The so-called circular economy, like every other environmentalist concept, has as many valid applications as it has versions that are abused. Navigating the gauntlet of innovations that promises solutions to challenges like recycling and reusing nutrients means differentiating between companies with substance that is limited to press releases and PowerPoint files, and those with technical and commercial viability. Conservatives can help by looking for these companies and applying the skepticism that activist journalists no longer display, but also by maintaining the faith that within the herd of pretenders, there must also be contenders for breakthroughs that will disrupt everything.
When it comes to nutrient recapture, new entrants include companies selling more efficient phosphate fertilizer or offering ways to recover phosphorus from sewage sludge. There are emerging technologies offering improvements in electrochemical removal of nitrogen from waste as well as removal through advanced filtration. Every year, improvements in anaerobic digestion systems make large-scale harvesting and reusing of nutrients found in animal waste more commercially viable.
We can make fun, as we should, of the pilot projects wherein cattle have had inflatable bags surgically connected to their stomachs so they could fill up with methane, which would presumably be harvested several times a day to be used as a green energy source—yes, they’re really doing this—but we might also identify and support commercially viable ways to extract ammonia, phosphorus, and nitrogen from feedlot dung so it can be reused to fertilize fields instead of running off into the river.
Ultimately what Newsom represents, even if he has modified his rhetoric, is a state suffering from bureaucratic paralysis, the fatal distraction of identity politics intruding into every aspect of governance, and a litigious environmentalist community that exercises almost absolute veto power over every policy initiative that involves so much as a scratch in the ground.
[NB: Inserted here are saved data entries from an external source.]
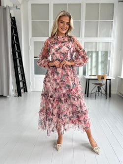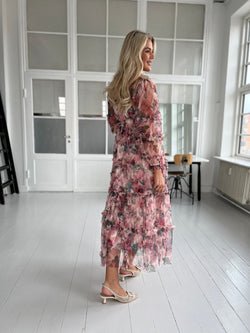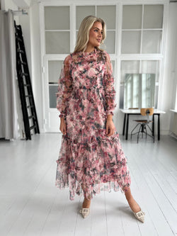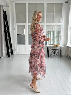 Virkelig smuk rosa lang chiffon kjole i et smukt rosa blomser print, mange flotte detaljer. Underkjole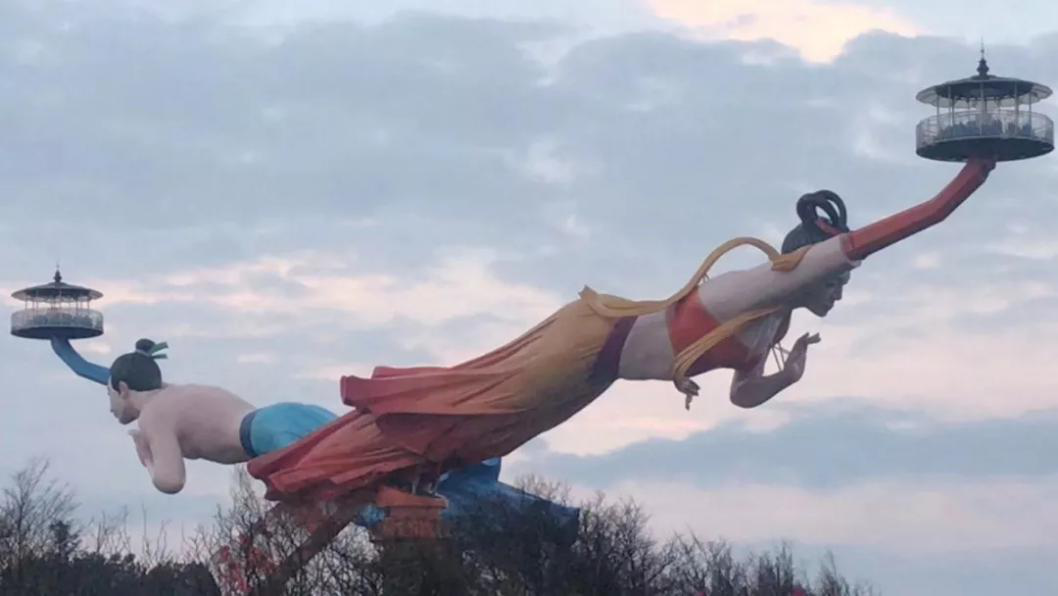“飛天之吻”建立在望仙崖一處懸崖邊上,主體總高52米,總重620噸,底座距崖底烏江的垂直落差1000余米。運(yùn)轉(zhuǎn)時(shí),南邊的飛行島代表白馬王子,北邊的飛行島代表仙女,一雙機(jī)械臂3分鐘內(nèi)可上升52米,雙島在高空定格后,旋轉(zhuǎn)307°交匯形成飛天之吻的景象。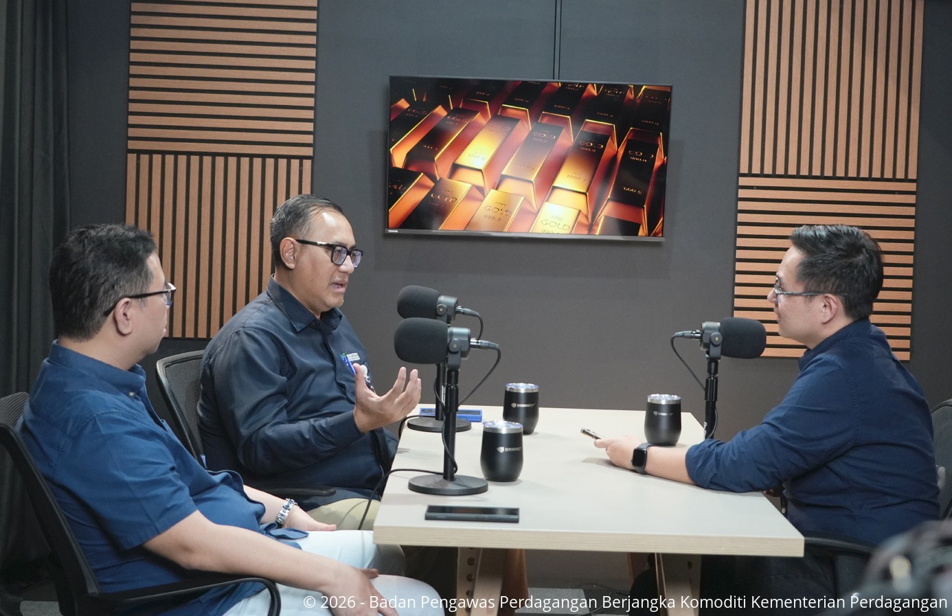 Kepala Badan Pengawas Perdagangan Berjangka Komoditi (Bappebti), Tirta Karma Senjaya melakukan kegiatan tapping pada dialog podcast bersama CEO dan Founder PT Solusi Finansialku Indonesia (Finansialku.com), Melvin Mumpuni bersama CEO dan Co-Founder PT Indonesia Logam Pratama (Treasury), Andreas Sant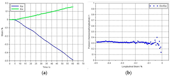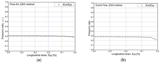 Example of Poisson’s ratio vs. longitudinal strain obtained from ESG method: (a) Flow-Art; (b) EverX Flow.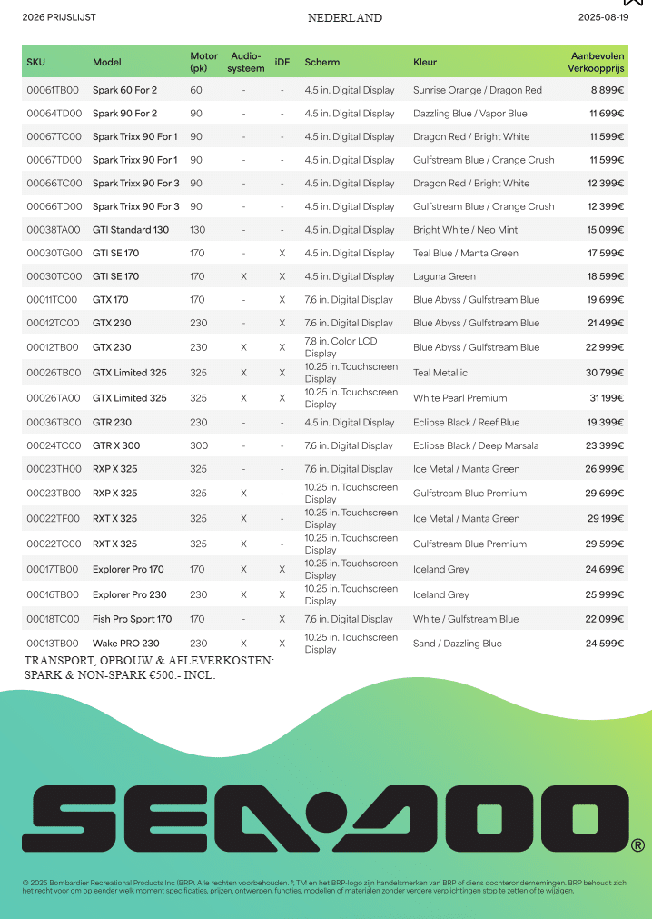 Pre-order nu de gloednieuwe Sea-Doo Spark 2026 en wees als eerste klaar voor het nieuwe vaarseizoen!   Aangeboden prijs exclusief kosten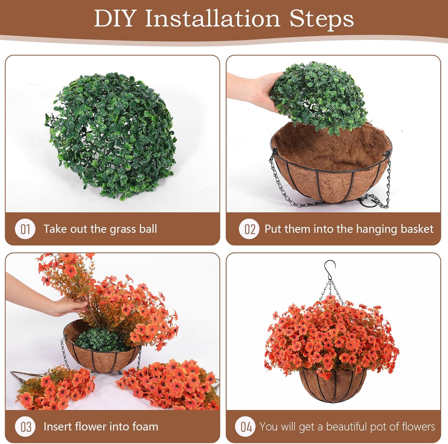 Good Quality: The hanging basket and artificial outdoor flowers were made of good quality material that don’t require maintenance after assembly. It’s UV resistance and won’t fade, sturdy enough for any weather. No watering needs. It looks full and beautiful all season.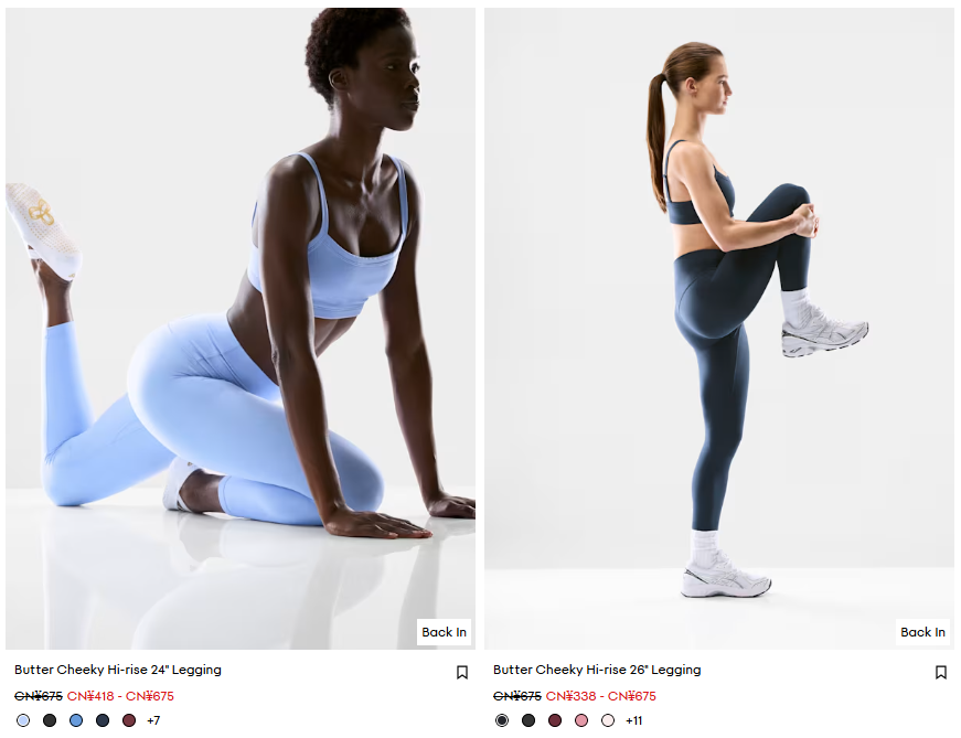 以瑜伽產(chǎn)品為例,Aritzia旗下的瑜伽產(chǎn)品價(jià)格在120-1000元之間,其Golden緊身褲主要價(jià)格在300-700元之間;作為對(duì)比,lululemon的瑜伽產(chǎn)品價(jià)格在120-1200元之間,其招牌Align?長(zhǎng)褲價(jià)格在750-1000元左右,整體價(jià)位明顯高于Aritzia。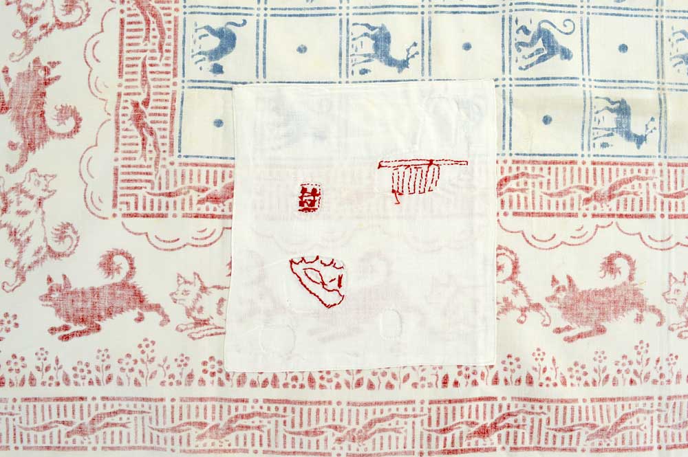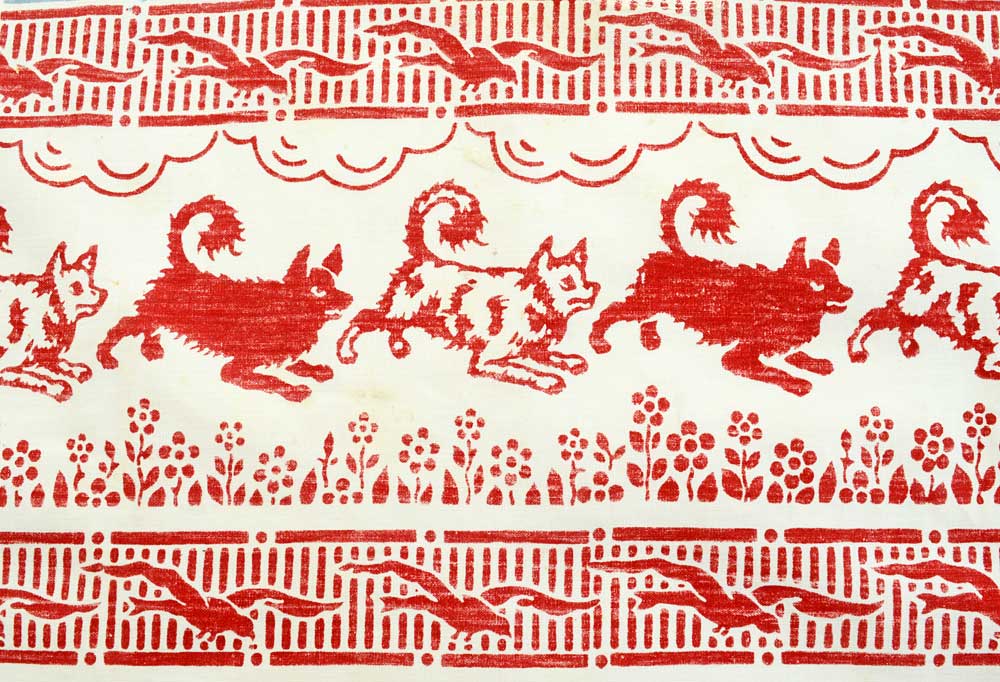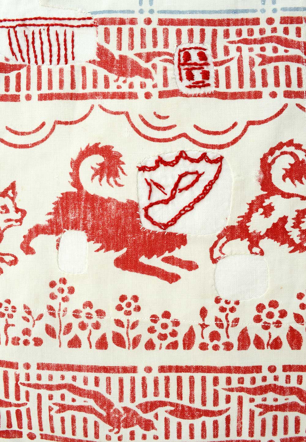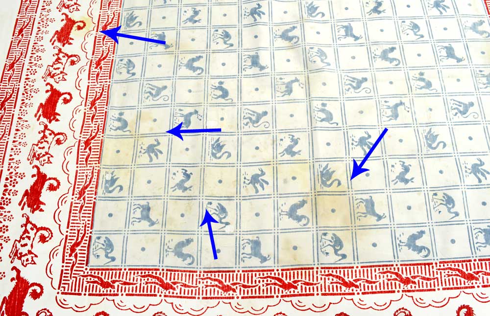 This is a large cotton cloth with the most lovely animal print. It's a folk piece, probably dating from the 1920s. The pictures are screen-printed in red and blue.

DeSantis, for his part, deals with a bureaucracy that retains its capacity to move fast when pushed hard, and he is willing to stare down and right-size the agenda of environmentalist extremists.
For America’s conservatives, vanquishing woke extremists is only half the battle. Right-sizing the environmentalist movement down to an appropriate level of influence in the affairs of civilization is equally important, and may be a harder battle. Between now and November 2024, what happens in Lake Okeechobee and in the San Francisco Bay bears close watching.